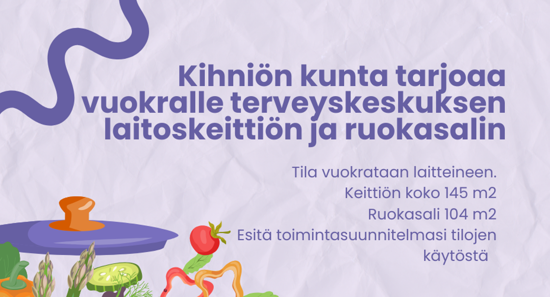 Tila vuokrataan laitteineen. Keittiön koko on 145 m2 ja ruokasali 104 m2. Vuokraus edellyttää toimintasuunnitelmaa tilojen käytöstä.
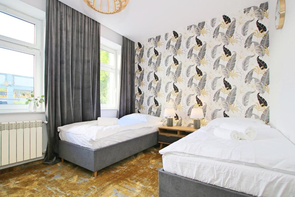 Pokój typu Standard z 2 łóżkami pojedynczymi. The twin room features a wardrobe and a carpeted floor, as well as a private bathroom boasting a shower. The unit has 2 beds. Pokój z 2 łóżkami pojedynczymi - 2 osobowy. Powierzchnia pokoju ok.: 18 mkw. ;
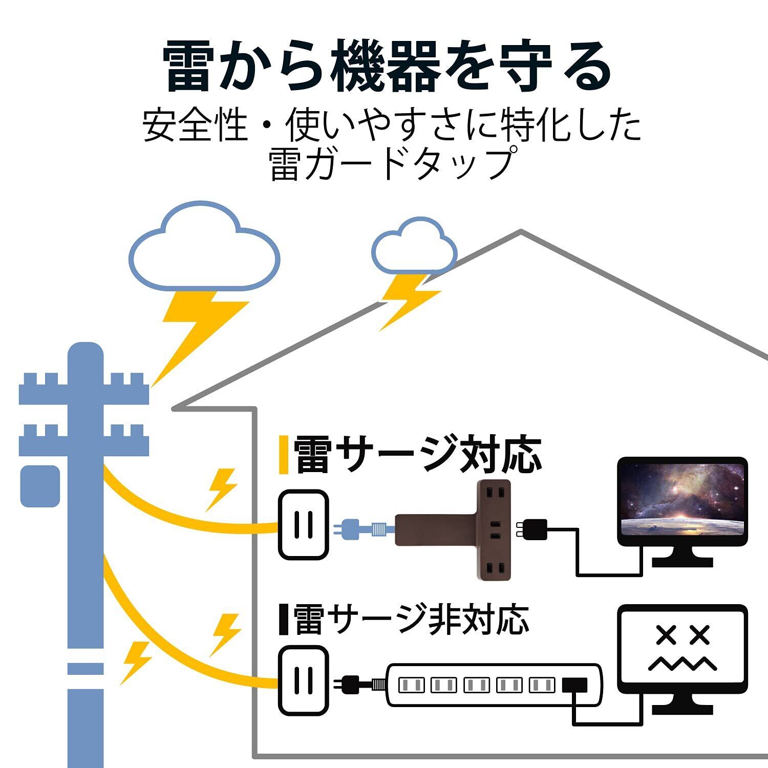 エレコム クリップタップ 雷サージ付 ホコリシャッター付 3個口 2.5m ブラウン T-KF03-2325BR
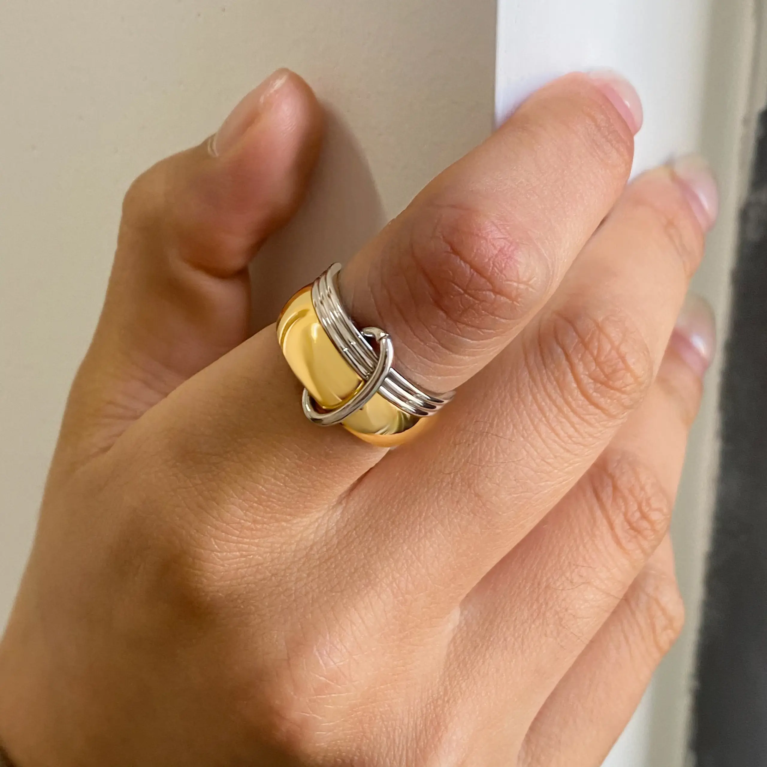 Don't miss the chance to add this timeless, trendy piece to your jewelry collection. Its versatile design and durable materials ensure you'll enjoy wearing it for years. Whether you're dressing up for a night out or accenting your everyday look, this ring offers both style and confidence. Elevate your personal style and express your unique taste with this beautiful two-tone stainless steel ring—an ideal choice for any fashion-savvy woman. Experience the perfect blend of sophistication and durability—order now and make it yours!
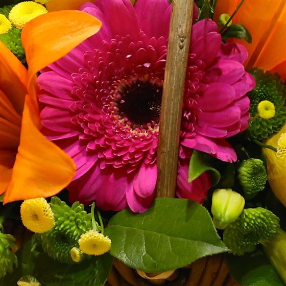 This beautiful basket arrangement is simply overflowing with fresh flowers in warm and vibrant shades, making a truly eye-catching display. The bright orange lilies partner perfectly with golden yellow roses and hot pink germini. It’s a radiant choice that is sure to light up any room.

**********

Task to carry out
Return the material exactly as it reads, though without the pictures it holds.

Task output
 Tila vuokrataan laitteineen. Keittiön koko on 145 m2 ja ruokasali 104 m2. Vuokraus edellyttää toimintasuunnitelmaa tilojen käytöstä.
 Pokój typu Standard z 2 łóżkami pojedynczymi. The twin room features a wardrobe and a carpeted floor, as well as a private bathroom boasting a shower. The unit has 2 beds. Pokój z 2 łóżkami pojedynczymi - 2 osobowy. Powierzchnia pokoju ok.: 18 mkw. ;
 エレコム クリップタップ 雷サージ付 ホコリシャッター付 3個口 2.5m ブラウン T-KF03-2325BR
 Don't miss the chance to add this timeless, trendy piece to your jewelry collection. Its versatile design and durable materials ensure you'll enjoy wearing it for years. Whether you're dressing up for a night out or accenting your everyday look, this ring offers both style and confidence. Elevate your personal style and express your unique taste with this beautiful two-tone stainless steel ring—an ideal choice for any fashion-savvy woman. Experience the perfect blend of sophistication and durability—order now and make it yours!
 This beautiful basket arrangement is simply overflowing with fresh flowers in warm and vibrant shades, making a truly eye-catching display. The bright orange lilies partner perfectly with golden yellow roses and hot pink germini. It’s a radiant choice that is sure to light up any room.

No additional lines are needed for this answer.